# eMTB with Shimano steps motor and external battery



## justin70 (Sep 17, 2007)

I'm trying to find all the emtb's that use this setup. So far I know that Scott, Bikesdirect, Pivot (although it's mounted internally and $$$), and Commencal use shimano steps with external battery. What other brands are options?


----------



## eFat (Jun 14, 2017)

I just discovered a german brand, Quantor. The high-end model weights an impressive 18kg.
DAMPFHAMMER 12.9 Skyline - QUANTOR

Other choices:
- https://www.canyon.com/fr-de/mtb/spectral-on/
- Vitus
- https://www.lamerecycles.com/ebikes-2


----------



## justin70 (Sep 17, 2007)

eFat said:


> I just discovered a german brand, Quantor. The high-end model weights an impressive 18kg.
> DAMPFHAMMER 12.9 Skyline - QUANTOR
> 
> Other choices:
> ...


Thanks eFat. Unfortunately I'm in the USA and many of those bikes aren't available.
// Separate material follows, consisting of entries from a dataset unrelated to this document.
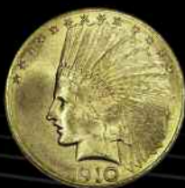
Augustus Saint-Gaudens Designed $10 Indian Head Eagle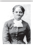
Harriet Tubman (c.1820–1913)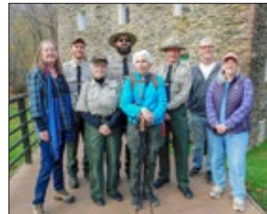
DEDICATION CEREMONY AT BLACK ROCK MILL.

On Thursday, November 8th, new interpretive panels were dedicated at Seneca Creek State Park's Black Rock Mill in Germantown. Located along the banks of Great Seneca Creek, the remains of this 1815 grain-grinding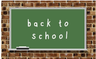
First Day of School August 26

Do nothing out of selfish ambition or vain conceit, but in humility consider others better than yourselves. Philippians 2:3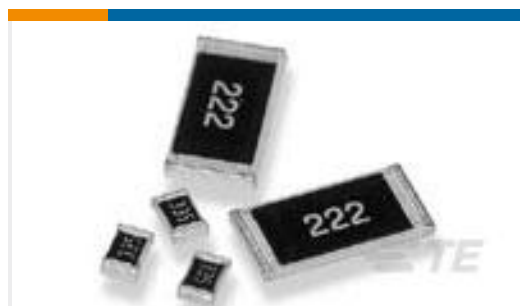
TE Part #5-1879501-7 CRGH2512 5% 220R 2W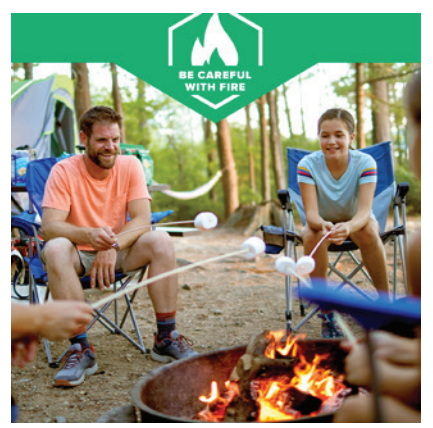
Be careful with fire by burning local firewood and always extinguish fires completely. To learn more about the other Leave No trace Principles NHLeaveNoTrace.com.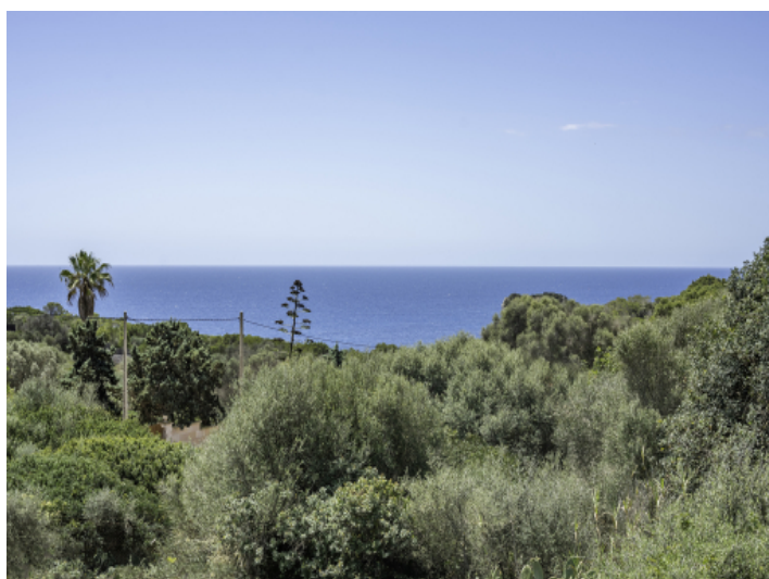
Mediterran sea views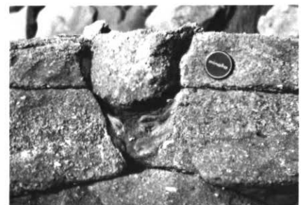
Figure 2 Side view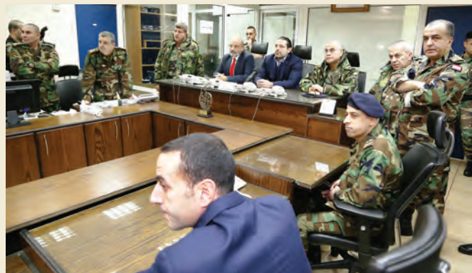
Prime Minister Saad el Hariri visiting the Operations Room on New Year's Eve in 2016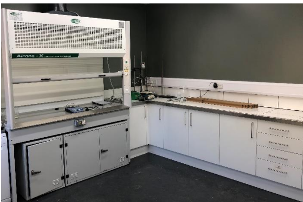
HSE licenced process and research laboratory.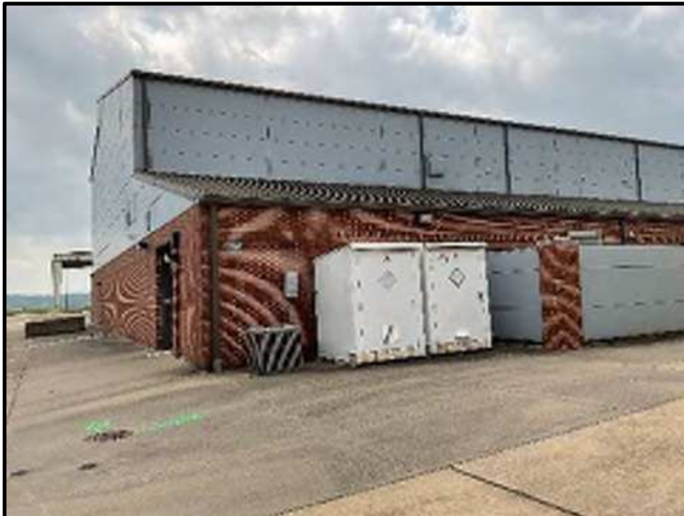
24 - B202 Northeast Corner

I appreciate your help.


----------



## jfkbike2 (Feb 8, 2005)

focus bikes


----------



## justin70 (Sep 17, 2007)

Looking more, I see Diamondback has the Ranger, which looks close to the bikesdirect offering.


----------



## jprider (May 24, 2009)

Orange Bikes Has US model also.


----------



## honkinunit (Aug 6, 2004)

Commencal has several versions of the Meta Power with Shimano drive and an external battery.

http://commencal.com You'll have to select US to see their US offerings.


----------